The Bateson–Dobzhansky–Muller model, also known as Dobzhansky–Muller model, is a model of the evolution of genetic incompatibility, important in understanding the evolution of reproductive isolation during speciation and the role of natural selection in bringing it about. The theory was first described by William Bateson in 1909, then independently described by Theodosius Dobzhansky in 1934, and later elaborated in different forms by Herman Muller, H. Allen Orr and Sergey Gavrilets.

The Dobzhansky–Muller model describes the negative epistatic interactions that occur between different alleles (versions) of different genes with a different evolutionary history. These genetic incompatibilities can occur when populations are hybridising. When two populations diverge from a common ancestor and become isolated from each other, thus meaning there is no interbreeding between the two, mutations can accumulate in both populations. These changes represent evolutionary change in the populations. When the populations are reintroduced to each other, these diverged genes can interact with each other in the hybridising species.

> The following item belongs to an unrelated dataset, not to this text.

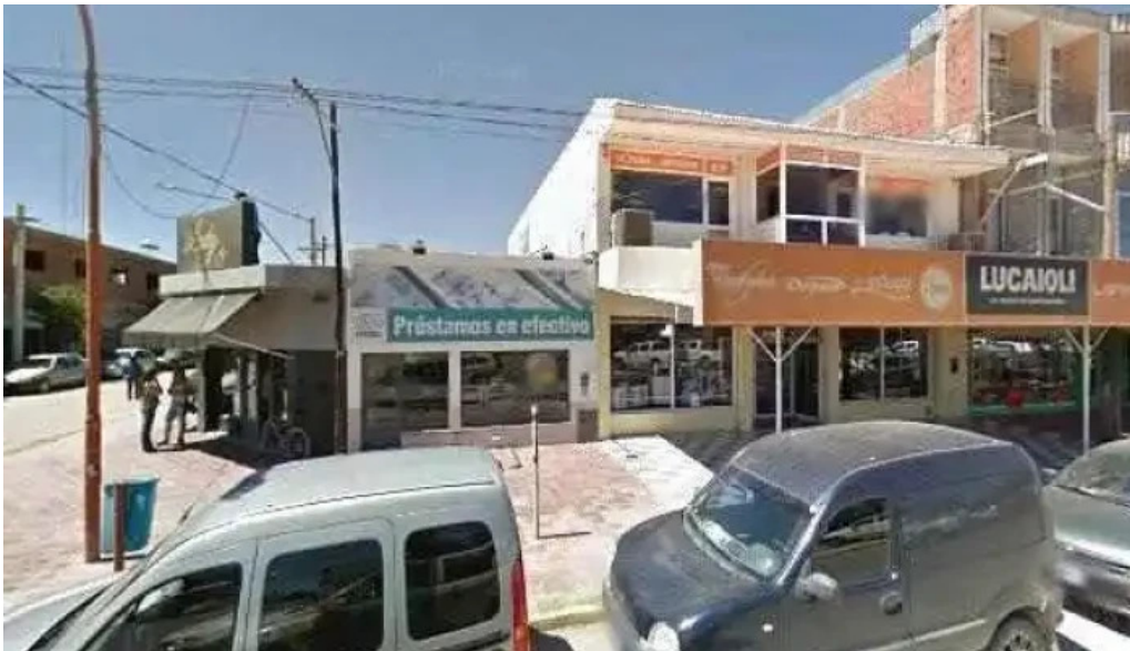
Credil prestamos en efectivo videos

For example, an ancestral species has the alleles a and b fixed in its population, resulting in all individuals having the aabb genotype. When two descendant populations are separated from each other and each undergo several mutations the allele A can occur in one population while the allele B occurs in the second population. When the two populations start hybridising the genotypes AAbb and aaBB hybridise with each other resulting in AaBb (figure 1). Interactions between A and B are introduced which have never occurred before. These two alleles can turn out to be incompatible, which are the Dobzhansky–Muller incompatibilities. The model states that genetic incompatibility is most likely evolved by alternative fixation of two or more loci instead of just one, so that when hybridisation occurs, it is the first time for some of the alleles to co-occur in the same individual.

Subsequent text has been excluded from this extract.